The Fool coughs and wheezes. You recognize a laugh in the sound. “Don’t antagonize—”
The Mayor bellows and sweat begins to drip from his forehead. He mops at it with his handkerchief and then advances across the grass. “Get back here!”
“Hahaha,” you say, “He was definitely a hero. I know how to push their buttons.”
It becomes a race to who gets to you first; the chopper or the Mayor.
As usual, the Fool wins.
-----.
Cowboy isn’t allowed in your room after hitting you in the face. You can feel him lurking in the hall outside when Strongwoman takes the seat across from you.
“That…wasn’t supposed to happen,” she says and pinches the bridge of her nose. She’s sitting on a special crate they brought in for her.

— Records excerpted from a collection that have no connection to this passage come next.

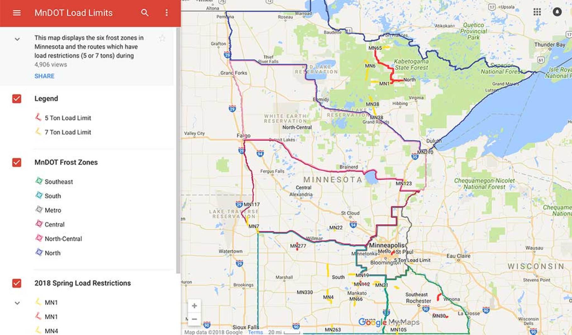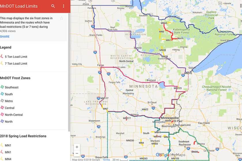 Mn Spring Road Restrictions Map MnDOT Ends Spring Truck Weight Restrictions In Central Frost Zone : 2024 spring road restrictions have ended in all climate zones. The purpose of Spring Road Restrictions is to protect Manitoba’s surfaced pavements from undue damage by reducing allowable axle weights . MarketsFarm โ Warming temperatures and melting snow across Western Canada may cause some disruptions to grain and livestock movement over the next few weeks as seasonal spring road restrictions come .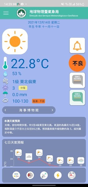 1、在澳门天气app上你可以了解到澳门的天气预报动态,及时了解当地的天气情况。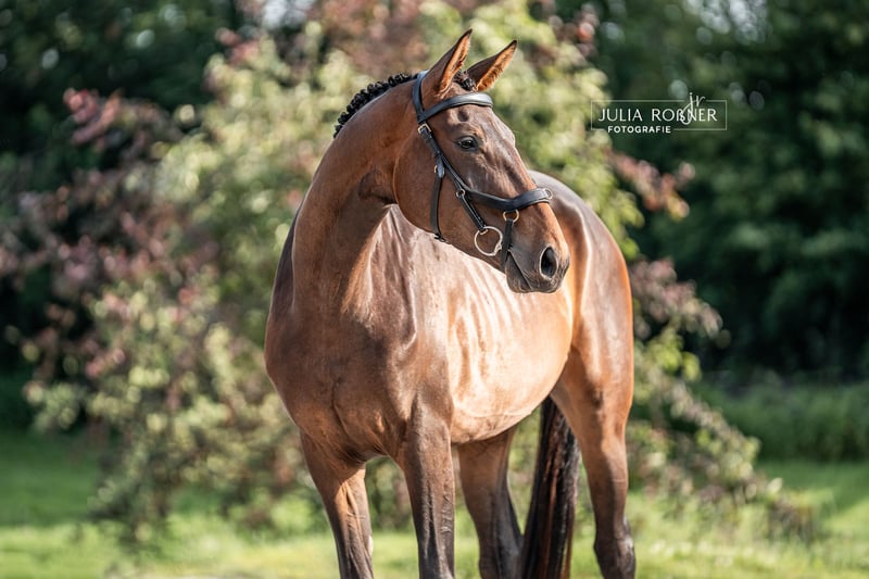 For sale is a well-behaved 4-year-old mare from a dam line with a lot of bloodlines. She has been kept in a species-appropriate manner with plenty of turnout (in winter, daily paddock time of at least 10-12 hours, and in the summer months, 24-hour pasture access) and has been handled daily. The sire, El Salvador, a state stallion at the Moritzburg State Stud, is a competition-successful descendant of Escolar and Sandro Hit. He is paired with a dam line that has Thoroughbred connections. This beautiful and spirited mare would certainly also be suitable for eventing. The mare is currently lunged and is familiar with a rider's weight at the walk.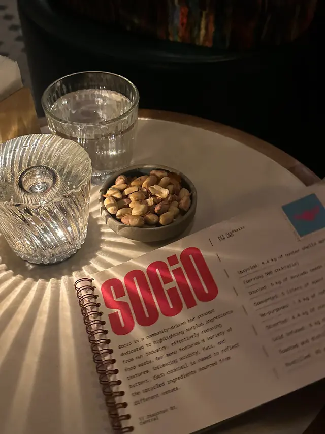 事關我哋唸住去食dinner嘅舖頭大排長龍,就嚟咗socio happy hour,點知入到嚟個vibe勁正, bartenders一見到我哋入嚟就係咁俾心心🫶🏻佢哋仲好鍾意同人一齊影相,傾偈 (佢哋仲會送你free shots)真係好Fun!我會話真係啱曬Happy Hour(同埋係E人天堂啊!) 如果係I人…我會話佢哋d花生都幾好食(真·花生)~

It creaks when she leans forward. “Are you sure you don’t need medical attention?”
The Fool is the only one you let tend to your wounds. Blood stings your eye. Cowboy was wearing his rings when he hit you. “I’m fine.”
Strongwoman sighs through her nose. She’s short and stocky, dark hair and wide nose. There’s a beauty to her when she’s still and quiet. When she moves? She moves like a threat. “We need to know where your base is,” she says.
“Home is where the heart is,” you say. And you killed mine.
Strongwoman’s lips thin. “Look, if you want the guys who speak riddles, we can wait for them. Or you can answer my questions and maybe we can come to some sort of understanding.”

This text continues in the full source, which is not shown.